> Task objective
Copy the data verbatim and leave out every picture.

[Excerpts from a dataset]

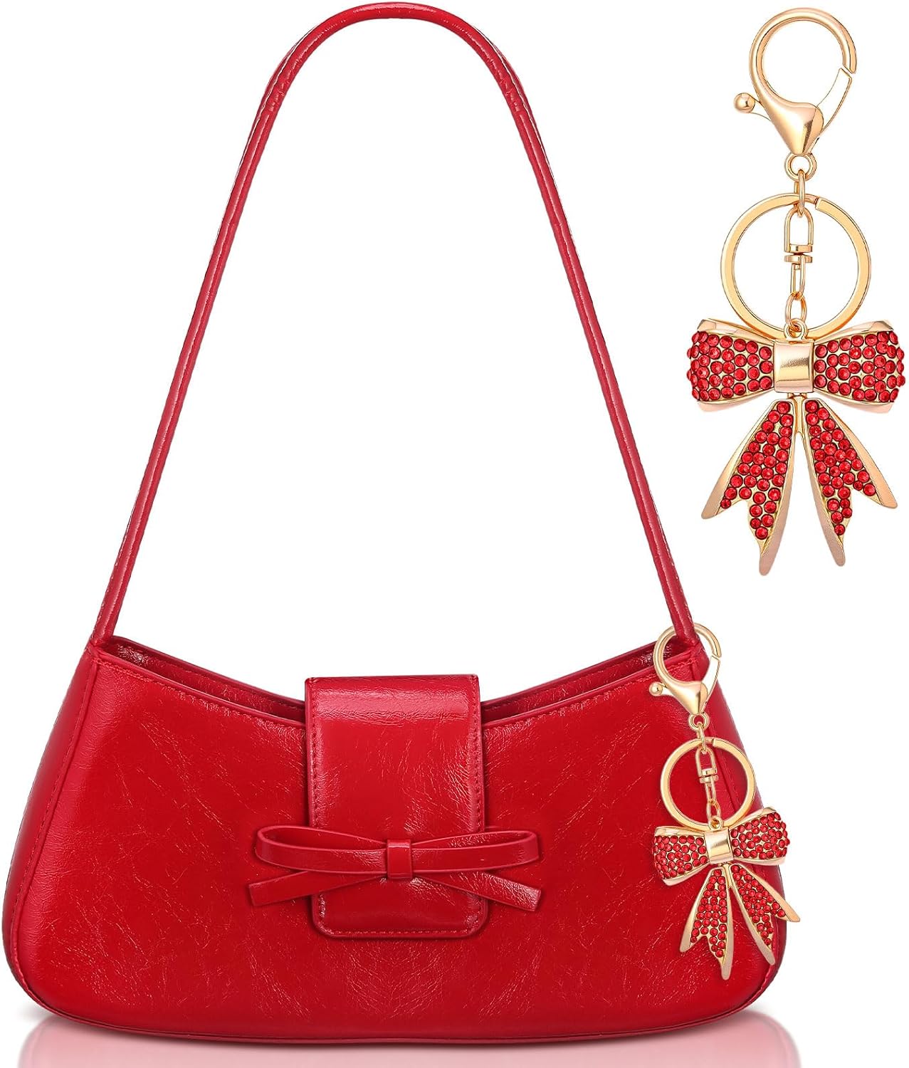 Abbylike Bow Shoulder Bag for Women with Rhinestone Bow Charm Handbag Y2k Purse Leather Clutch Cute for Valentine's Day Gift
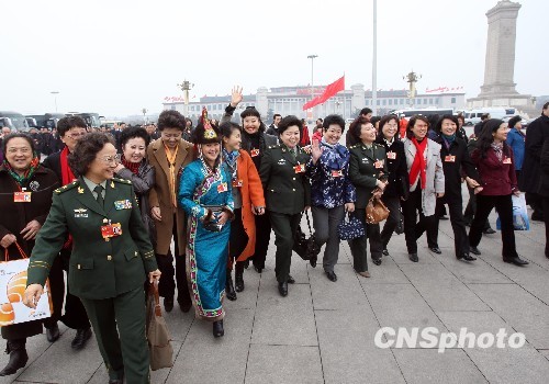 資料圖片:在“三八”婦女節即將來臨之際,全國政協十一屆三次會議第二次全體會議3月7日在人民大會堂舉行。出席會議的女委員們紛紛接到男委員們提前送來的節日祝福,臉上洋溢著節日的喜悅(中新社發 湯彥俊 攝)
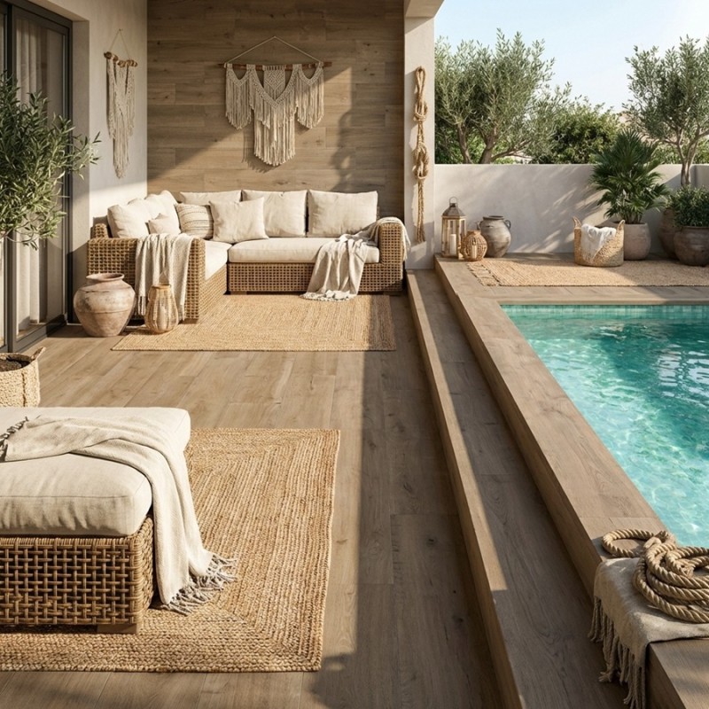 Grâce à sa finition antidérapante R11, il convient parfaitement aux terrasses extérieures, plages de piscine, escaliers et zones exposées à l’eau. Son format 20×120 renforce l’effet lame continue et permet différentes poses : droite, décalée ou en chevron, pour un rendu encore plus haut de gamme.
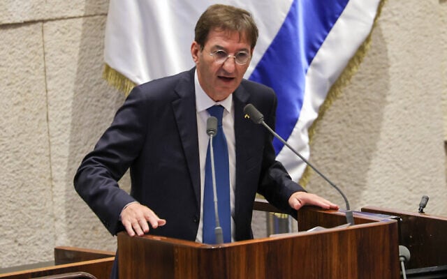 Defense and Foreign Affairs Committee head Boaz Bismuth speaks in the Knesset plenum on August 13, 2025. (Dani Shem Tov/Knesset spokesperson)
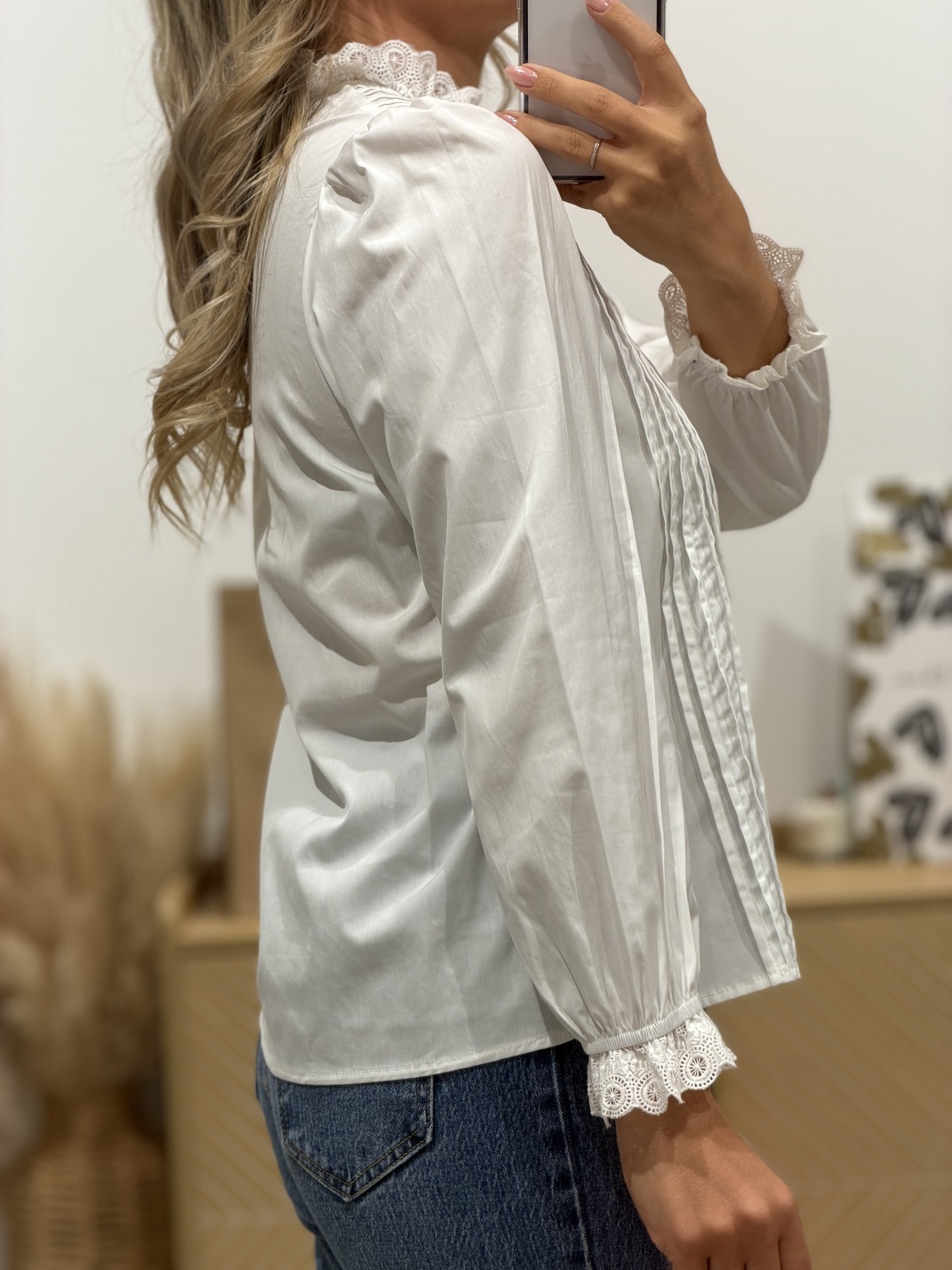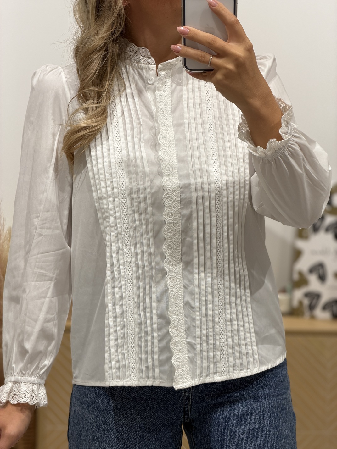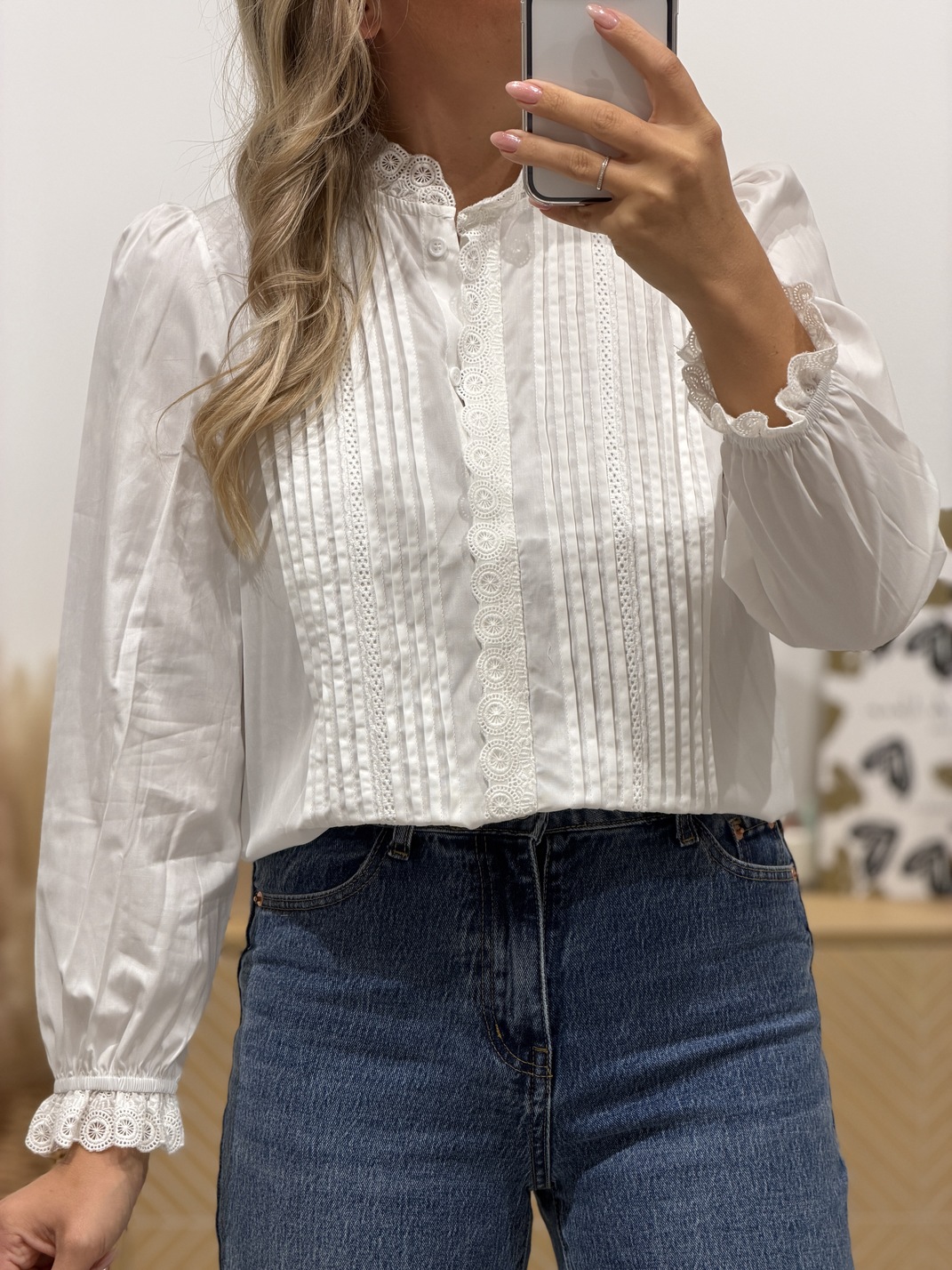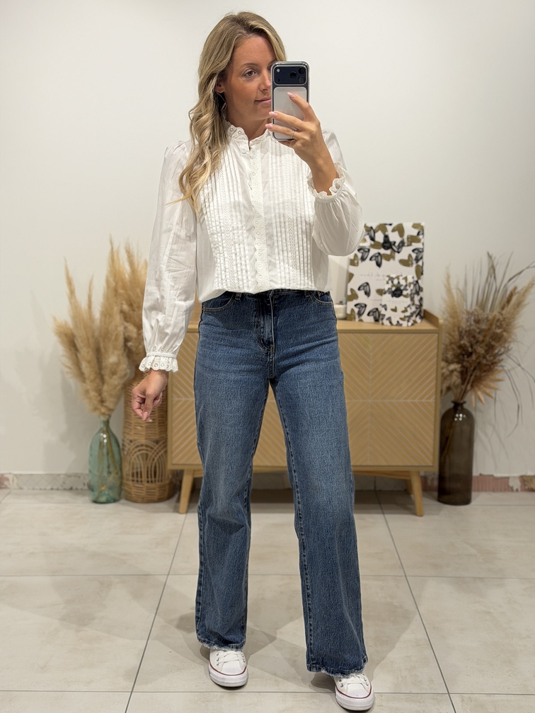 Blouse GWENN Blouse Couleur : Blanche Manches longues Col légèrement montant Détails dentelle Boutons Tailles = S : 36, M : 38, L : 40 Longueurs = S : 60 cm, M : 61 cm, L : 62 cm Largeurs sous aisselles = S : 48 cm, M : 50 cm, L : 52 cm Composition : 100% coton Le modèle porte du S et mesure 1m65 Accessoires portés par le mannequin : Jean’s COREY
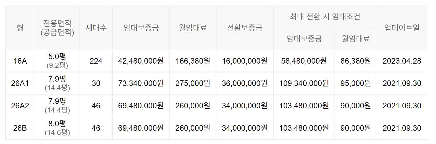 임대보증금 및 월 임대료는 입주자 모집공고일 기준이며, 보증금 최대 전환 시 변동될 수 있습니다.
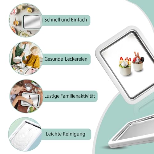 Materials in Lebensmittelqualität: Unsere Eisplatte besteht ganz Edelstahl 304 in Lebensmittelqualität und sorgt zugunsten gesundes und geruchloses Eis oder gefrorenen Joghurt, den Sie leistungsfähig verzehren können. Die Eisplatte lässt sich leicht reinigen, sodass Sie sich keine Sorgen über Wäsche erstellen
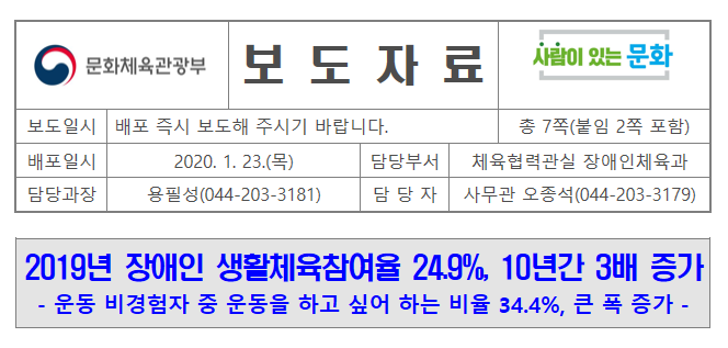 2019년 장애인 생활체육참여율 24.9%, 10년간 3배 증가
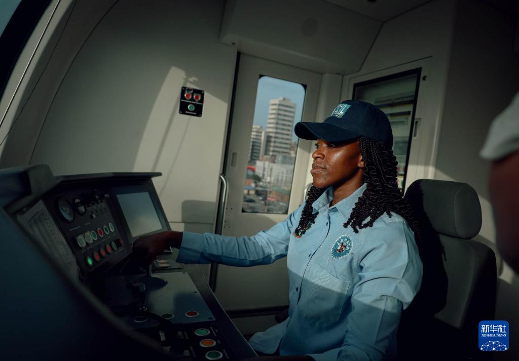 8月12日,在尼日利亞拉各斯,拉各斯輕軌藍線項目動車組列車司機組長伊莎貝拉·亞當(dāng)斯·伊斯拉埃爾在輕軌列車上工作。新華社發(fā)(中土集團尼日利亞有限公司供圖)
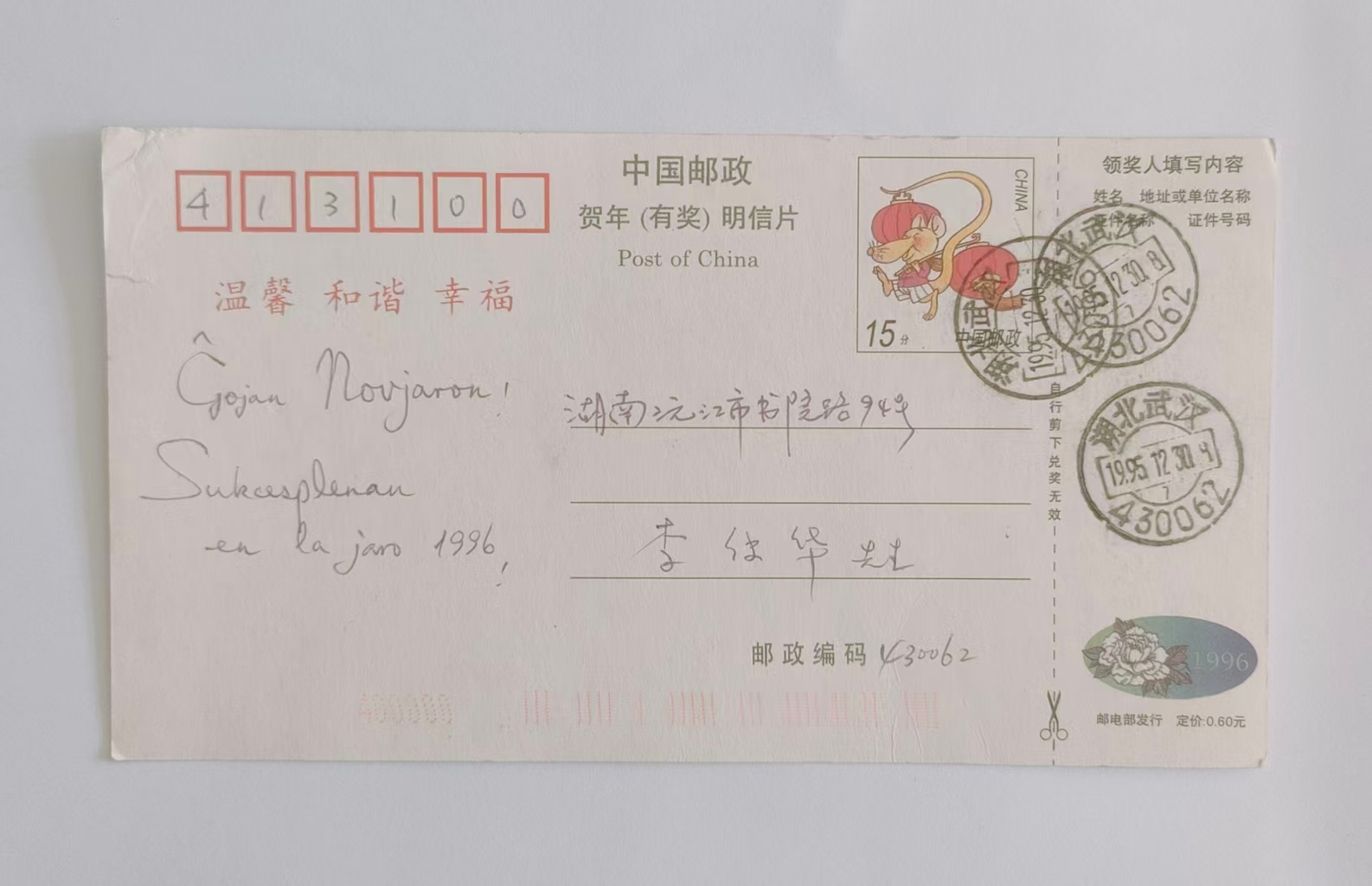 1995年彭健君寄给李传华的贺年明信片

> Answer below
 Abbylike Bow Shoulder Bag for Women with Rhinestone Bow Charm Handbag Y2k Purse Leather Clutch Cute for Valentine's Day Gift
 資料圖片:在“三八”婦女節即將來臨之際,全國政協十一屆三次會議第二次全體會議3月7日在人民大會堂舉行。出席會議的女委員們紛紛接到男委員們提前送來的節日祝福,臉上洋溢著節日的喜悅(中新社發 湯彥俊 攝)
 Grâce à sa finition antidérapante R11, il convient parfaitement aux terrasses extérieures, plages de piscine, escaliers et zones exposées à l’eau. Son format 20×120 renforce l’effet lame continue et permet différentes poses : droite, décalée ou en chevron, pour un rendu encore plus haut de gamme.
 Defense and Foreign Affairs Committee head Boaz Bismuth speaks in the Knesset plenum on August 13, 2025. (Dani Shem Tov/Knesset spokesperson)
 Blouse GWENN Blouse Couleur : Blanche Manches longues Col légèrement montant Détails dentelle Boutons Tailles = S : 36, M : 38, L : 40 Longueurs = S : 60 cm, M : 61 cm, L : 62 cm Largeurs sous aisselles = S : 48 cm, M : 50 cm, L : 52 cm Composition : 100% coton Le modèle porte du S et mesure 1m65 Accessoires portés par le mannequin : Jean’s COREY
 임대보증금 및 월 임대료는 입주자 모집공고일 기준이며, 보증금 최대 전환 시 변동될 수 있습니다.
 Materials in Lebensmittelqualität: Unsere Eisplatte besteht ganz Edelstahl 304 in Lebensmittelqualität und sorgt zugunsten gesundes und geruchloses Eis oder gefrorenen Joghurt, den Sie leistungsfähig verzehren können. Die Eisplatte lässt sich leicht reinigen, sodass Sie sich keine Sorgen über Wäsche erstellen
 2019년 장애인 생활체육참여율 24.9%, 10년간 3배 증가
 8月12日,在尼日利亞拉各斯,拉各斯輕軌藍線項目動車組列車司機組長伊莎貝拉·亞當(dāng)斯·伊斯拉埃爾在輕軌列車上工作。新華社發(fā)(中土集團尼日利亞有限公司供圖)
 1995年彭健君寄给李传华的贺年明信片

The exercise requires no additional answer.